Do you have a family member or friend who you thought was a property mogul with 5 or more properties? Have you ever wondered how they’ve achieved this?
You first thought was probably “he must have had a big inheritance,” or “If only I had rich parents.” You might be right, you might not be. But the fact is everyone had to start from somewhere.
And how did they start? It all started in their mind.
Data from the ATO shows more than 1.8 million Australian owns one investment property, but the figure for investors who owns five properties drops dramatically to less than 15,000. Have you ever wondered why most property investors never get past their first property investment, while only a small group of property investors are able to use properties as a vehicle to achieving financial independence?
Mindset is the first and most important factor I believe in achieving success in property investing. Like pursuing any worthwhile cause, if you want to get ahead of the pack, you will need to have a different mentality from the pack.
Here are 10 steps you can take to train yourself to have an investor mindset
1. Find the 'Why': Find your reason for wanting to invest, money is great and everyone wants more, but what is the burning desire that makes you want to change your current circumstances.

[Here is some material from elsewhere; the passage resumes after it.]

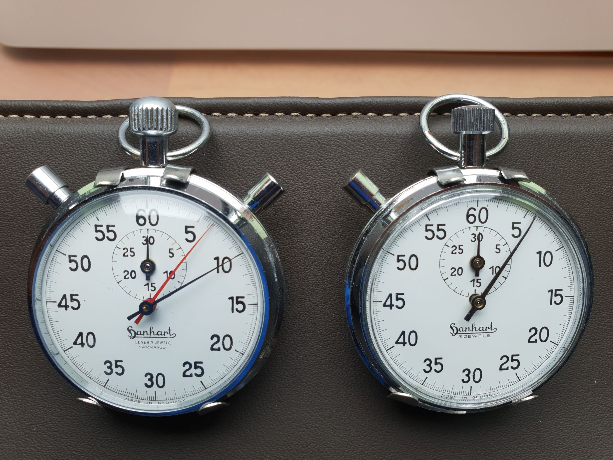 - Doppelstopper (die aufwändigste Variante, die haben einen Schleppzeiger, d.h. zwei Stoppzeiger übereinander, damit man kann man auch Zwischenzeiten stoppen)

Whether you are motivated by a 9 to 5 job that you despise, the need to pick yourself up after a failed marriage or relationship, or wanting to retire with more than the bare minimum, successful investors with large property portfolios either had or created a desire to achieve greatness. Aim high and clearly visualise what success will look like. as with every epic journey, the road ahead is never a straight path; you need to refer back to that underlying reason to keep yourself motivated when the going gets tough.
2. Goal setting: Sit down and plan out what you want to achieve between now and retirement, be as specific as you can and don’t be afraid to dream big. Do you enjoy what you do and want to work 3 days a week in 10 years time and have 50k passive income from properties? Or you hate your job so much you want to retire in 2 years time with 100k passive income? Once you have a goal in mind you can start to work backwards. Take your dreams of becoming a successful investor seriously so they become reality.
3. Develop your investment plan: With the assistance of an expert such as a mortgage broker that understands property investing and the complexity that goes into maximising your borrowing capacity and building a large portfolio; Start to plan out a strategy around the goals you’ve set. As you can imagine, the strategy employed to achieve 100k passive income in 20 years is drastically different from achieving 100k passive income in just 2 years. An expert can help map out your investment journey to ensure you achieve your investment goals with the least amount of time possible, at an involvement and risk level that fits in with your circumstances.
4. Self education: There is a wealth of information available on property investing on the internet. Attend seminars and workshops where you can connect with like-minded investors. Surround yourself with a great team of people who you can rely on to bounce ideas of one another is so much better than doing it on your own. Just do your due diligence and be wary of spruikers! There are plenty in every industry and in properties it is no different.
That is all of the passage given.